However, the umbrella of “tax professionals” can encompass a number of different roles, including tax analysts, tax accountants, tax auditors and more. While there is some overlap within the duties for these roles, they are distinctly different.

The role and responsibilities of tax analysts

A typical tax analyst engages in work that revolves around the preparation, review and filing of tax forms and returns. They may work with individual citizens filing single or joint returns, as well as business owners that file taxes on the part of their organization.
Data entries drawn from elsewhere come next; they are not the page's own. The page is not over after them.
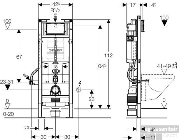 Specificaties Geberit Duofix Sigma Inbouwreservoir Up320 Max 8 cm Verstelbaar: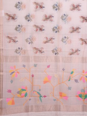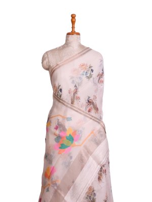 Off White Printed Organza Silk Saree with Jamdani Pallu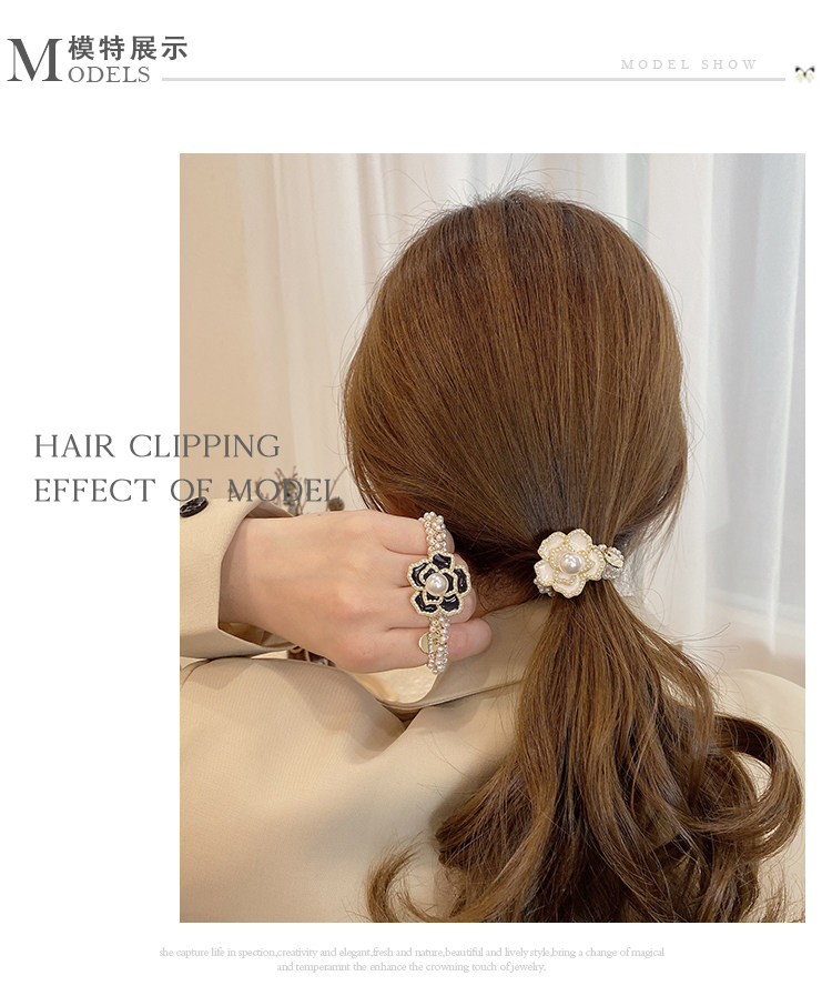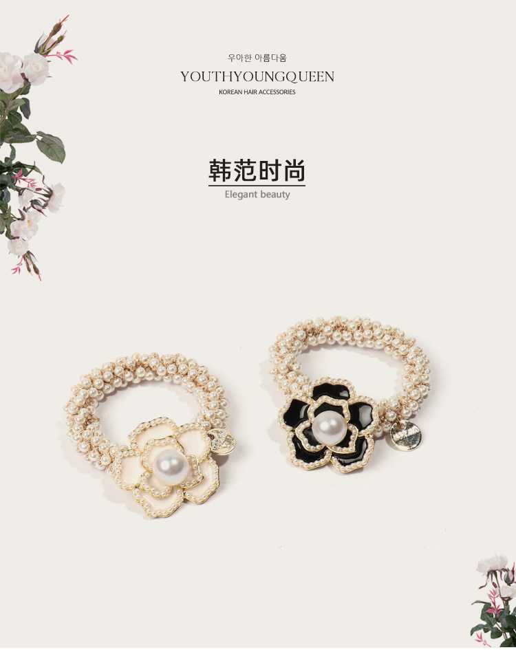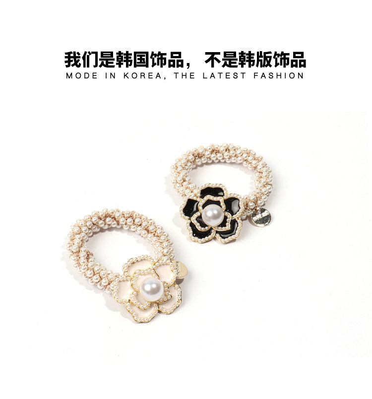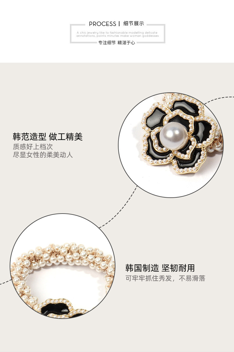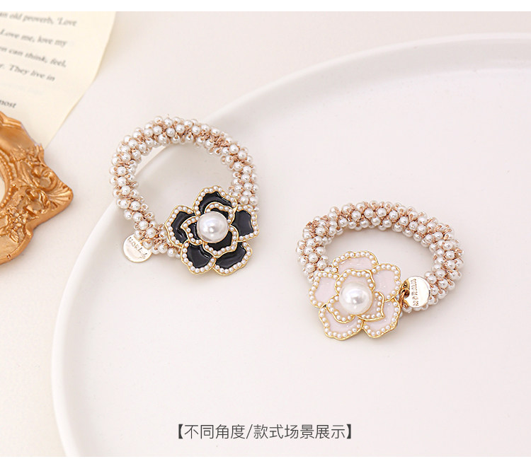 Camellia negra cuerda de cabello de perlas de mujer coreana in cuerda de cabello anillo de cabello red atado correa de cabello pequeño tocado de fragancia
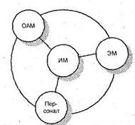 Соотношение всех четырех механизмов — организационно-административного (ОАМ), экономического (ЭМ), информационного (ИМ) и работы с персоналом — изображено на рис. 2. Система этих четырех механизмов является необходимой и достаточной для задания и реализации любого менеджмента. Достаточной — в том смысле, что других механизмов нет и не надо. Необходимой — в том смысле, что реальный менеджмент предполагает наличие и использование всех четырех механизмов. Отсутствие или бездействие хотя бы одного из них приводит к тому, что успешный менеджмент не состоится. Нет распределения полномочий — и не ясно, кто за что отвечает, кто что делает. Нет экономического механизма — и все превращается в безответственную и безосновательную игру административной воли. Нет компетентного ж мотивированного персонала — и все ресурсы и все усилия пойдут прахом. Не принимаются решения и планы, нет контроля и учета, необходимых документов — тем более не приходится говорить о менеджменте. Поэтому, чем бы вы ни собирались управлять — страной ли, отраслью ли,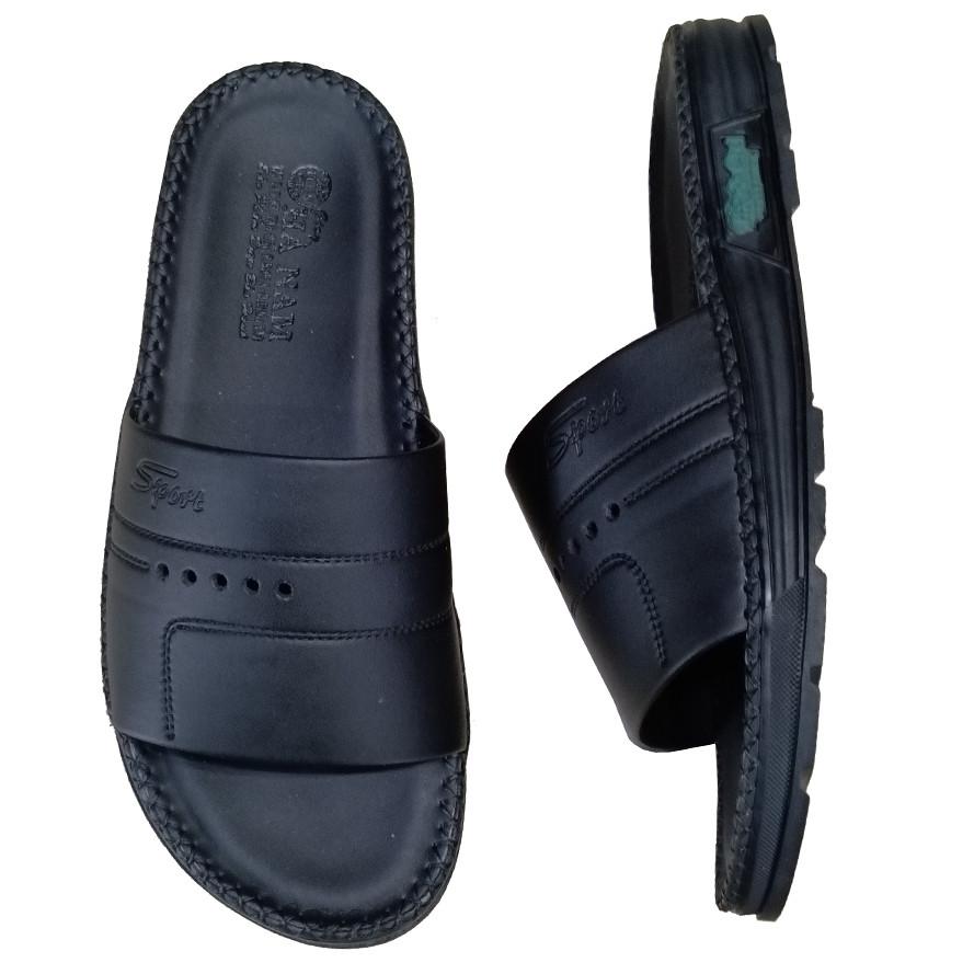 - Màu : đen - Chất liệu bên ngoài: quai dép da bò cao cấp tuyệt đối không bong tróc hay nổ da càng đi lớp da càng mềm mại bóng đẹp - Xuất xứ

Tax analyst jobs include duties like:

  • Tax return preparation and filing, including gathering all necessary client documentation, preparing the correct return documents, and filing this paperwork on behalf of clients according to federal, state and local filing deadlines.
  • Preparing and filing quarterly tax payments every three months for their clients. While this task is more common with tax analysts’ corporate clients, these professionals may also complete quarterly filings for individuals as well. These come in addition to the annual tax returns that tax analysts complete.
  • Advise clients on tax returns, including advice to make them aware of applicable tax breaks and deductions to maximize clients’ refunds.
  • Provide estimates of clients’ expected returns based on tax analysts’ computation of taxes owed, combined with available deductions and savings.
  • Continually study updates to tax law, including federal, state and local statutes that impact clients’ tax filings, deductions and documentation.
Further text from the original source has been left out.